Governmental regulations regarding land use and environmental matters could increase the cost and limit the availability of our development and homebuilding projects and adversely affect our business or financial results.
We are subject to extensive and complex laws and regulations that affect the land development, homebuilding and apartment development process, including laws and regulations related to zoning, permitted land uses, levels of density, building design, elevation of properties, water and waste disposal and use of open spaces. These regulations often provide broad discretion to the administering governmental authorities as to the conditions we must meet prior to development or construction being approved, if they are approved at all. We are also subject to determinations by governmental authorities as to the adequacy of water or sewage facilities, roads and other local services with regard to particular residential communities. New housing developments may also be subject to various assessments for schools, parks, streets and other public improvements. In addition, in many markets government authorities have implemented no growth or growth control initiatives. Any of these can limit, delay, or increase the costs of land development or home construction.
We are also subject to a variety of local, state and federal laws and regulations concerning protection of the environment. In some of the markets where we operate, we are required by law to pay environmental impact fees, use energy-saving construction materials and give commitments to municipalities to provide infrastructure such as roads and sewage systems. We generally are required to obtain permits, entitlements and approvals from local authorities to commence and carry out residential development or home construction. These permits, entitlements and approvals may, from time-to-time, be opposed or challenged by local governments, environmental advocacy groups, neighboring property owners or other possibly interested parties, adding delays, costs and risks of non-approval to the process. Violations of environmental laws and regulations can result in injunctions, civil penalties, remediation expenses, and other costs. In addition, some environmental laws impose strict liability, which means that we may be held liable for unlawful environmental conditions on property we own which we did not create.
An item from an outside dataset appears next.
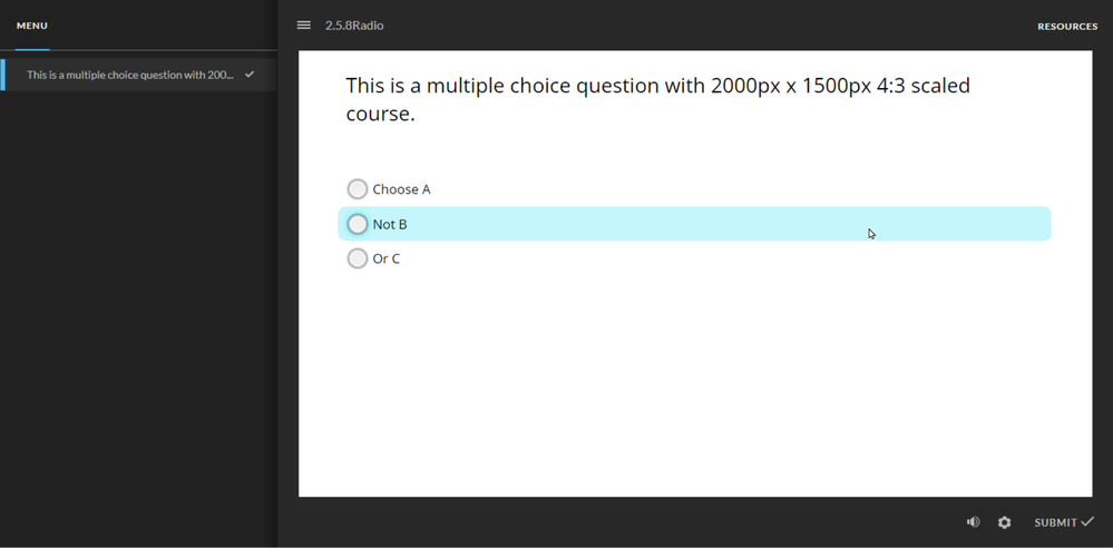 In the meantime, I wanted to reassure you that the target area for radio buttons is larger than the actual button, is controlled by the author, and by default stretches across most of the slide. I'm attaching an image for reference. The blue highlight indicates the target to choose the radio button.
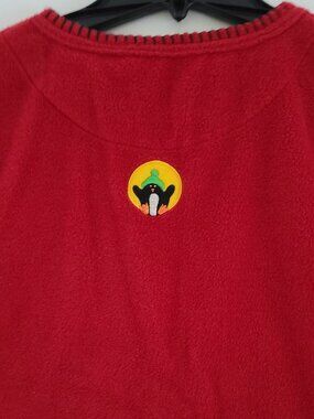 CATHY DANIELS RED FLEECE CHRISTMAS PULLOVER WITH PENGUINS SIZE L

We are also subject to laws and regulations related to workers' health and safety, and there are efforts to subject us to other labor related laws or rules, some of which may make us responsible for things done by our subcontractors over which we have little or no control. In addition, our residential mortgage subsidiary is subject to various state and federal statutes, rules and regulations, including those that relate to lending operations and other areas of mortgage origination and loan servicing. The impact of those statutes, rules and regulations can increase our homebuyers’ costs of financing, and our cost of doing business, as well as restricting our homebuyers’ access to some types of loans.
Our obligation to comply with the laws and regulations under which we operate, and our need to ensure that our associates, subcontractors and other agents comply with these laws and regulations, could result in delays in construction and land development, cause us to incur substantial costs and prohibit or restrict land development and homebuilding activity in certain areas in which we operate. Budget reductions by state and local governmental agencies may increase the time it takes to obtain required approvals and therefore may aggravate the delays we could encounter. Government agencies also routinely initiate audits, reviews or investigations of our business practices to ensure compliance with applicable laws and regulations, which can cause us to incur costs or create other disruptions in our businesses that can be significant.
We can be injured by improper acts of persons over whom we do not have control.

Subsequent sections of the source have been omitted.